Prof. Narain’s scholarly work contributed to a variety of fields, including history, archaeology, art history, epigraphy and paleography, numismatics, Buddhist studies, and religious studies. He established his scholarly reputation with his groundbreaking book, The Indo-Greeks, published by Oxford University Press in 1957. The Indo-Greeks went through several editions, and was most recently reissued, with supplementary essays, in 2003. Prof. Narain also focused his research on Central Asian peoples who followed the Indo-Greeks, including the Indo-Scythians, Tokharians, Indo-Parthians and the Yue Zhi/Kushans. As part of his research on the Kushans, he organized an international conference in London on the problem of the date of Kanishka. He also published important works on Indo-Greek and Indian coins, archaeological excavations at Rajghat, and numerous other topics related to ancient Indian and Central Asian history. At the time of his death, he was working on a multi-volume project entitled From Kurush (Cyrus) to Kanishka, several volumes of which will be published soon.

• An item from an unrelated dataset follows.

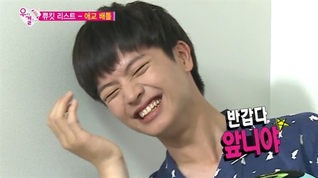 조이는 “앞니가 보이면 지는 걸로 하자”며 먼저 애교를 부렸지만 육성재의 앞니가 보이지 않아 실패로 끝났다. 이어 육성재는 “나 똥따또. 떨따똥따또. 물똥따또”라고 애교를 부렸지만 조이 역시 간신히 웃음을 참아냈다.

Prof. Narain was the nephew of one of the great figures on the Buddhist revival in India, Bhikkhu Jagdish Kashyap (1908–76). Before his death, Bhikkhu Kashyap asked Prof. Narain to start an international organization for scholars of Buddhism. Honoring his uncle’s request, Prof. Narain in 1976 hosted the founding meeting of the International Association of Buddhist Studies, in Madison. At the meeting, he was elected the IABS’s first General Secretary. He also served as the first editor of the Journal of the International Association of Buddhist Studies, a post he held for seven years. He oversaw five important edited volumes on Buddhist history, all published in India: Studies in Pali and Buddhism (1979), Studies in the History of Buddhism (1980), Studies in Buddhist Art of South Asia (1984), Dr. Ambedkar and Social Change (1993), and, most notably perhaps, The Date of the Historical Śākyamuni Buddha, a collection of world-class papers on one of the most controversial topics in Buddhist studies. Despite the inclination of many scholars to propose circa 400 BCE for the Buddha’s parinirvāṇa, Prof. Narain felt that the archaeological evidence favored the “traditional” earlier date of circa 483 BCE.

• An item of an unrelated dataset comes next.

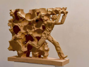 úgy anyaghasználati vagy mint téma, de problémamegközelítés szempontból is. A kisplasztika indította el tulajdonképpen az absztrakt szobor gon­dolatát, amiben nagy szerep jutott az új anyagok használatának. A festészettől átvett nonfiguratív variáns hozott be új anyagokat a szobrászatba, az addigi alapvető anyagok mellett, mint a kő, fa, bronz, más anyagok is bekerültek, különböző műanyagok, s a fémek sem csupán mint öntött bronz, hanem drót, rúd, lemez netán valami más rendeltetésre gyártott alkatrész felhasználásával. A fa esetében is lehet egy gally, deszka, léc, vagy hulladék, amit új rendszer szerint állítunk össze. Ezzel újabb lehetőségek nyíltak. Ehhez jelentős mér­- tékben hozzájárult a Budapesten a hatvanas évektől egészen a kilenc­ve­nes évek közepéig kétévenként szervezett nemzetközi kisplasztikai bien­ná­lé, amely bemutatta az egész világ kis­plasztikai törekvéseit. Hasonló jelentőségű volt a ravennai Dantesca kis­- plasztikai biennálé. Ezek a nemzetközi kiállítások ösztönzőek voltak nemcsak nekem, sok más szobrász szá­mára is. Hatásukra indult be a hetvenes évek végétől nálunk is a kisplasztikai kiállítások szervezése, először Bukarestben, majd Aradon, ahonnan szintén díjat hoztam el, akárcsak Ravennából a romániai csoporttal Dantescaról.

After his return to Varanasi in 1990, Prof. Narain founded the Indian Congress of Asian and Pacific Studies (ICAPS), serving as its first president. He also established and edited the Journal of Indian Buddhist Studies, which in 1999 became the Indian International Journal of Buddhist Studies, editorship of which he relinquished in 2002. Beyond those mentioned, Prof. Narain held positions in and received honors from scholarly organizations, especially in India, too numerous to mention. He also was awarded grants by the Guggenheim Foundation, the Ford Foundation, the American Council of Learned Societies, and the American Philosophical Association; and received both the Chakravikrama Gold Medal of the Numismatic Society of India and the Asiatic Society of Bombay’s Campbell Gold Medal for Lifetime Achievements in Ancient History, Numismatics and Archaeology.

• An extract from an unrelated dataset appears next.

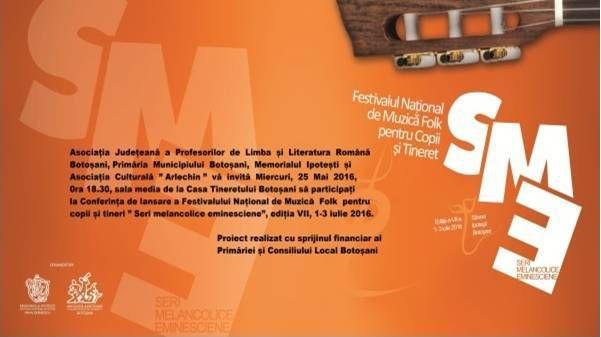Asociația Județeană a Profesorilor de Limba și Literatura Română Botoșani, Primăria Municipiului Botoșani, Memorialul Ipotești și Asociația Culturală ”Arlechin” Botoșani vă invită Miercuri, 25 Mai 2016, ora 18.30, sala media de la Casa Tineretului Botoșani să participați la Conferința de lansare a Festivalului Național de Muzică Folk pentru copii și tineri - Seri melancolice eminesciene 2016.

As must be evident from even this brief accounting, Prof. Narain worked tirelessly to advance Indian historical studies and Buddhist studies, both in India and around the world. Apart from his talents as a scholar, he possessed the creative vision to imagine new and important scholarly enterprises others had not considered, and a gift for organization and administration that allowed him to see his vision through to fruition. He cheerfully delegated responsibility, often to younger and less experienced scholars, thereby encouraging their growth as members of the profession. As the editor of JIABS and other publications, he maintained high standards, while consistently encouraging contributions from the full range of scholarly voices: from up-and-coming scholars to established figures in the field; from European and American scholars to contributors from various Asian countries, including Japan, China, Southeast Asia, and, of course, India. Far from least importantly, Prof. Narain was a warm and generous human being, who is greatly missed, not only by his large and loving family but by friends and colleagues on every continent, whose task it now becomes to carry on his extraordinary legacy.

Submitted by Roger Jackson, Carleton College, Minnesota, U.S.A.